The domain antibody constructs may be coupled to polymer molecules (preferably PEG) useful for achieving increased half-life and degradation resistance properties using methods known in the art. The polymer moieties that may be used in the present invention may be synthetic or naturally occurring and include, but are not limited to, linear or branched polyalkylene, polyalkenylene or polyoxyalkylene polymers, or branched or unbranched polysaccharides such as, for example, homopolysaccharides or heteropolysaccharides. Preferred examples of synthetic polymers that may be used in the present invention include linear or branched poly (ethylene glycol) (PEG), poly (propylene glycol), or poly (vinyl alcohol), and derivatives or substituted forms thereof. Particularly preferred substituted polymers for attachment to the domain antibody construct include substituted PEGs, including methoxy (polyethylene glycol). Naturally occurring polymer moieties that may be used in addition to, or in place of, PEG include lactose, amylose, dextran, or glycogen, as well as derivatives thereof, as will be recognized by those skilled in the art.

Polymer (PEG) molecules useful in the present invention can be linked to the domain antibody construct using methods well known in the art. The first step in the attachment of a PEG or other polymer moiety to a domain antibody construct of the invention is to replace the hydroxyl end group of the PEG polymer with a functional group comprising an electrophile. In particular, the PEG polymer is linked to cysteine or lysine residues present in the monomer or multimer of the domain antibody construct. The cysteine and lysine residues may be naturally occurring or may be engineered into the domain antibody construct molecule.

PEGylation of the domain antibody constructs of the invention can be accomplished by a variety of methods (see, e.g., Kozlowski-A & Harris-JM (2001) Journal of controlledRelease 72: 217). The PEG may be linked to the domain antibody construct directly or through an intervening linker. Linker-free systems for attaching polyethylene glycol to proteins have been described in the following documents: delgado et al (1992), crit.rev.thera.drug carrier sys.9: 249-304; francis et al, (1998), lntern.j.hematol.68: 1 to 18; US 4,002,531; US5,349,052; WO 95/06058; and WO98/32466, the disclosure of each of which is incorporated herein by reference.

One system for attaching polyethylene glycol directly to amino acid residues of proteins without the use of an intervening linker employs tresylated MPEG, which is produced by modifying monomethoxypolyethylene glycol (MPEG) with tresylchloride.
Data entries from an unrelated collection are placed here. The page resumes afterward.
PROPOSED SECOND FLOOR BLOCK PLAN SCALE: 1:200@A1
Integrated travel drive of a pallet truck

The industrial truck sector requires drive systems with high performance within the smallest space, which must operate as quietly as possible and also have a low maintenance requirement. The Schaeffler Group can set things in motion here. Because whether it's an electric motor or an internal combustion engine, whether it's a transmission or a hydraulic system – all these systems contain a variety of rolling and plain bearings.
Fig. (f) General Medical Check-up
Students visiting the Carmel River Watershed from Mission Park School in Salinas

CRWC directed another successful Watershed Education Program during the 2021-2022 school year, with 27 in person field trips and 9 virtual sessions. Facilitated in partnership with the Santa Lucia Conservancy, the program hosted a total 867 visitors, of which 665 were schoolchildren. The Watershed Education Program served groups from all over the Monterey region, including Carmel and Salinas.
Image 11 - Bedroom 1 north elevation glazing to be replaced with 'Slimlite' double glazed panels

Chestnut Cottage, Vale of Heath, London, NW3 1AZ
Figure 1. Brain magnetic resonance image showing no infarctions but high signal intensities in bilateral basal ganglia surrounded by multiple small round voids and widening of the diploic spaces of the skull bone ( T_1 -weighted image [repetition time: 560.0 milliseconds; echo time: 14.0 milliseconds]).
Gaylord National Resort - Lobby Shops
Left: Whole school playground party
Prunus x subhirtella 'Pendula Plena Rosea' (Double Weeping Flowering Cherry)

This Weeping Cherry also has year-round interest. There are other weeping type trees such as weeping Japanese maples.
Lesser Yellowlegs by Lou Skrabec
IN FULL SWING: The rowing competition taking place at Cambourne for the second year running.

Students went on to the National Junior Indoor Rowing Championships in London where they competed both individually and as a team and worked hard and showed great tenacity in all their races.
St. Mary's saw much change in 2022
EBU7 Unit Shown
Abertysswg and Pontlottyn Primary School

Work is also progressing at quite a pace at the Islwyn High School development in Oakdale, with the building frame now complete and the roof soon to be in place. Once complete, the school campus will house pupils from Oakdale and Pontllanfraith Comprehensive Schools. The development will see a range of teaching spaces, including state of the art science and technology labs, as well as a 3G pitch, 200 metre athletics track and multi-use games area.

After the amino acid residue was reacted with triflated MPEG, polyethylene glycol was attached directly to the amine group. Thus, the present invention includes protein-polyethylene glycol conjugates produced by reacting a protein of the present invention with a polyethylene glycol molecule having a 2, 2, 2-trichloroethylsulfonyl group.
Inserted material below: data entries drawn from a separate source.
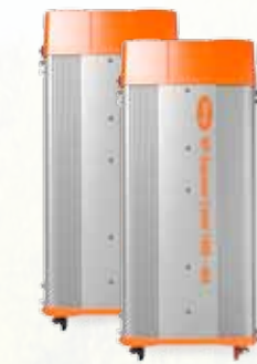
Supreme Combi Series
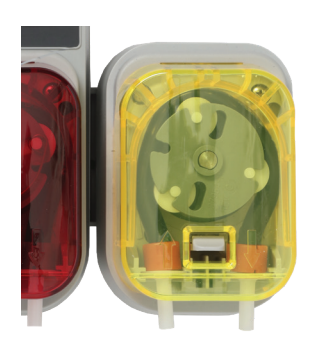
Available for Pinnacle and Pinnacle Pro
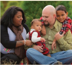
The A Way Home housing endowment has impacted hundreds of families. Watch the video: PhilanthropyFocus.org/A-Way-Home

For more information: fftc.org/Our_Initiatives
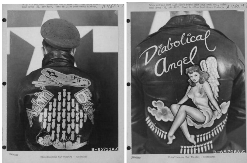
Figure 7. Painted pin-up jackets of American pilots.

painted their T-shirts with inscriptions, and the pilots decorated not only airplanes but also their jackets with images of naked beauties (Fig. 7).
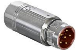
Contact Arrangement mating view

B KU A 145 NN 00 59 0200 000 B K A 145 N 00 59 0200 000
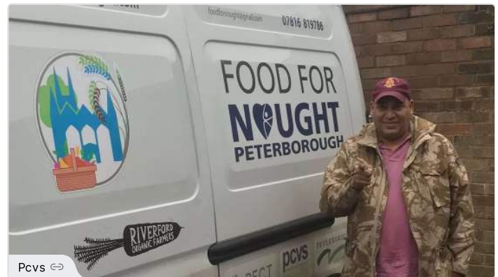
Funding & Support

Check out the PCVS website's 'Funding and Support' section where you will be able to find out the latest funding opportunities offered by PCVS and other organisations through the link to Funding Newsletter. Click here to access the funding and support page and don't forget to check back for regular updates.
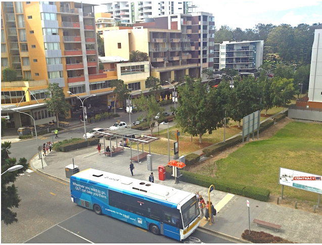
Figure 5: The surroundings of the urban screen.
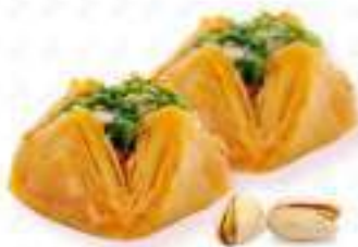
Pistachio Pyramid(Topping) ₹70/- per piece
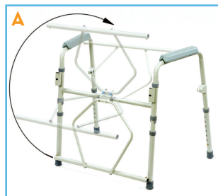
1. PART A OPENS UP AND ASSEMBLES (SEE CIRCLES ABOVE).
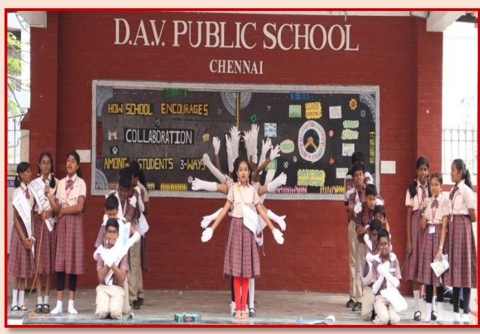
Collaboration in Motion, Harmony in Action
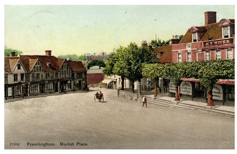
The Market Hill was clearly not a scene of great activity all the time.

The crinkle-crankle wall in 1987, prior to the site being cleared for the Coop development.
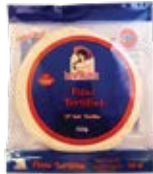
La Vikina Flour Tortilla 10" 10/10ct CODE: TOR026
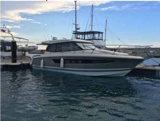
STBD side view
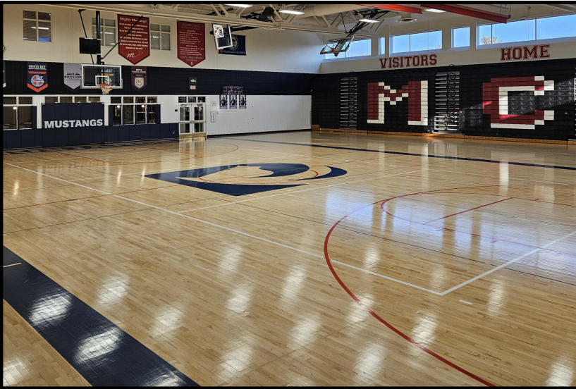
The Stable is home to Mustang Basketball and Volleyball.
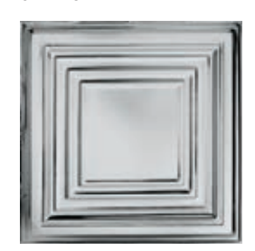
LARGE PANEL 24-in x 24-in SUSPENDED 5422505L 24-in x 48-in NAIL-UP (SURFACE MOUNT) 5424505N
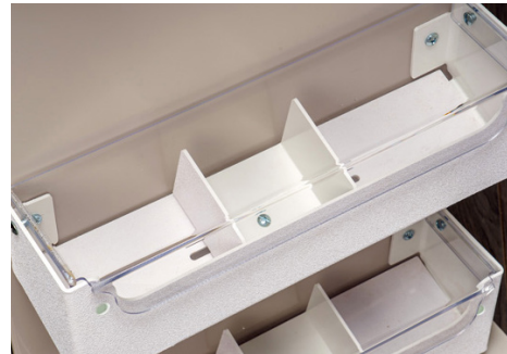
-608-3 Set of Three, 15.75" x 4" Clear, covered, Tilt-Lid, Side Bins for right side of door
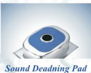
Sound Deadening Pad

A unique sound suppression pad, on all JINDAL models, helps minimize the noise of utensil washing and stacking on the sink.
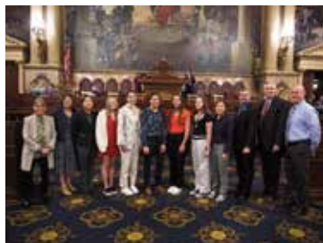
I was honored to welcome to the State Capitol this spring the Hatboro-Horsham Girls Swim Team, first time winners of the AAA State Championship.
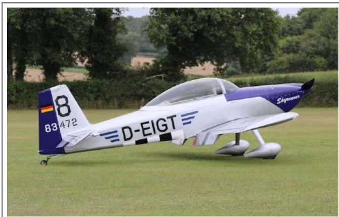
D-EIGT Van's RV-8 on 4 September 22 Popham
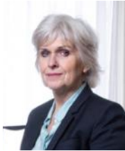
HON. ISABELLE ROME Minister for Gender Equality, Diversity and Equal Opportunities (France)
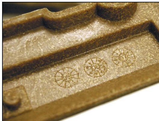
Fig. 4 Embossing on the Biocomposite

If longer fibers are desired, then flax, hemp, kenaf and cotton can be mixed with fibers of thermoplastic polymers. Subsequently, this is hot pressed to form the thermoplastic fiber for forming the composite. In this manner, thermal insulation can be improved with Biocomposites which can be valuable in reality sector as part of carbon efficient housing.
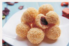
Sesame Mini Ball 芝麻球(4) $4.99
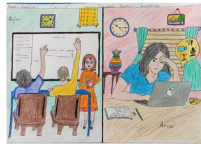
Name – Sindu Class - Pluto

Our children are constantly interacting with their peers from across India and internationally – recently, the girls from Inventure Academy held a storytelling and craft workshop for our students.
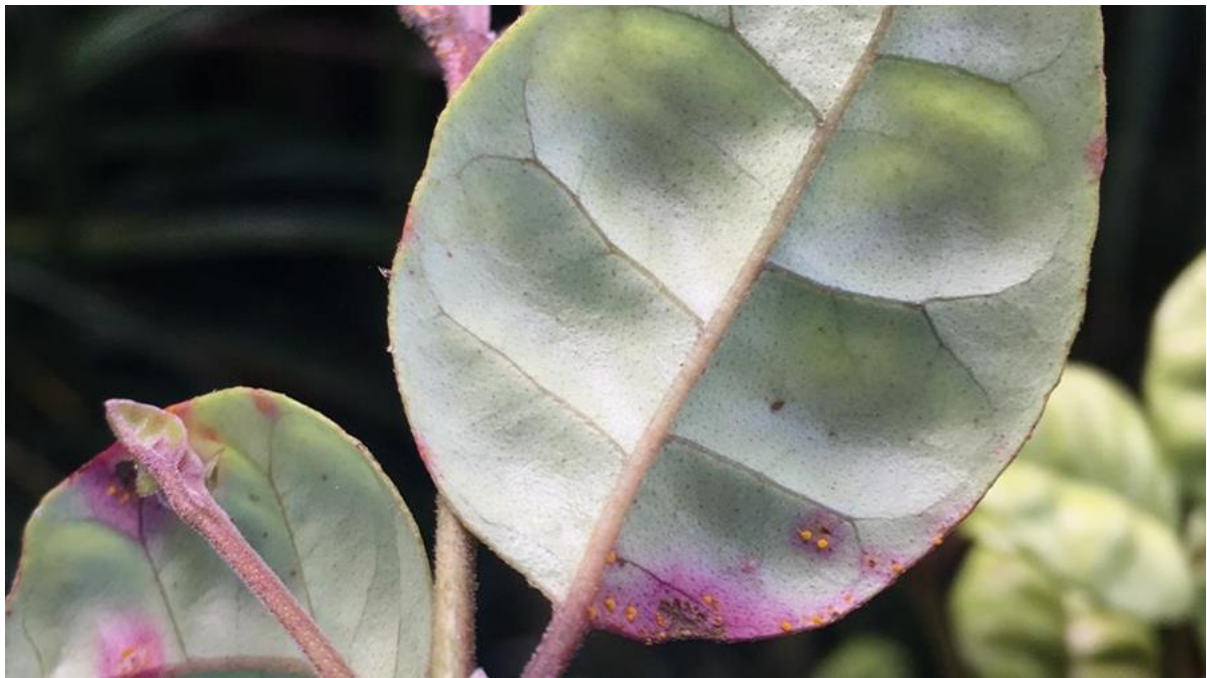
Bright yellow powdery eruptions appear on the underside of the young leaf

A number of different intervening linkers can also be used to attach the polyethylene glycol to the protein. For example, US5,612,460 discloses a urethane linker for attaching polyethylene glycol to a protein. Protein-polyethylene glycol conjugates, wherein polyethylene glycol is attached to the protein via a linker, can also be produced by reacting the protein with a compound such as MPEG-succinimidyl succinate, MPEG activated with 1, 1 '-carbonyldiimidazole (1, 1' -carbonyldiimidazole), MPEG-2, 4, 5-trichloropentylcarbonate, MPEG-p-nitrophenol carbonate, and various MPEG-succinate derivatives. Many other polyethylene glycol derivatives and reaction chemistries for attaching polyethylene glycol to proteins are described in WO98/32466, the entire disclosure of which is incorporated herein by reference.
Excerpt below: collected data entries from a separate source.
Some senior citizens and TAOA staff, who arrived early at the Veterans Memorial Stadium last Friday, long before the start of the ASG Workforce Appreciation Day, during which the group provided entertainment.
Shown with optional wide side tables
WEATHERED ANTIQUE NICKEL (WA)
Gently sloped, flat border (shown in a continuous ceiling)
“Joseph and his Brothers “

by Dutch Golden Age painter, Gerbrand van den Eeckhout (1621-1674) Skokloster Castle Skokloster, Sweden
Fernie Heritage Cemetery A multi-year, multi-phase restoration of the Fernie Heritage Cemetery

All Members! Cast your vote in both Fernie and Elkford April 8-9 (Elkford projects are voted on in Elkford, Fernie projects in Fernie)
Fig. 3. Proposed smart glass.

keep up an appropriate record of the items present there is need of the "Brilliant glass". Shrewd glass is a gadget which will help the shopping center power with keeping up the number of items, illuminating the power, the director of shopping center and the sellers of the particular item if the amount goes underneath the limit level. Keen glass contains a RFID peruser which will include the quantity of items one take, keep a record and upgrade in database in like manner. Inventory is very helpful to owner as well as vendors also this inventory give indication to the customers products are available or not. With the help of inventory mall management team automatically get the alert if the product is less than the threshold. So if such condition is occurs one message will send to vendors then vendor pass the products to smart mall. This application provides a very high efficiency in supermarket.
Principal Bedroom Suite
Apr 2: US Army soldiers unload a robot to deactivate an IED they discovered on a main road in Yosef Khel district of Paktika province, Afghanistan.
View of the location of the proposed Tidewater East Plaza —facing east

In a particularly preferred embodiment of the invention, the domain antibody construct is directly coupled to polyethylene glycol via a lysine residue. In another preferred embodiment of the invention, the domain antibody construct is directly coupled to PEG via a cysteine residue. Unpaired cysteine residues may be present in the sequence beforehand or may be added by incorporating cysteine residues, for example, in the C-terminus of the domain antibody construct. Alternatively, the attachment of PEG to the domain antibody construct may be facilitated by the formation of disulfide bond forming cysteine residues, as described in US 20060210526.

Other derivatized forms of the polymer molecule include, for example, derivatives in which additional moieties or reactive groups are present to allow interaction with the amino acid residues of the domain antibody constructs described herein. Such derivatives include N-hydroxysuccinimide (NHS) active esters, succinimidyl propionate polymers, and thiol-selective reactive reagents such as maleimides, vinylsulfones and thiols. The PEG polymer may be a linear molecule, or may be branched, with multiple PEG moieties present in a single polymer.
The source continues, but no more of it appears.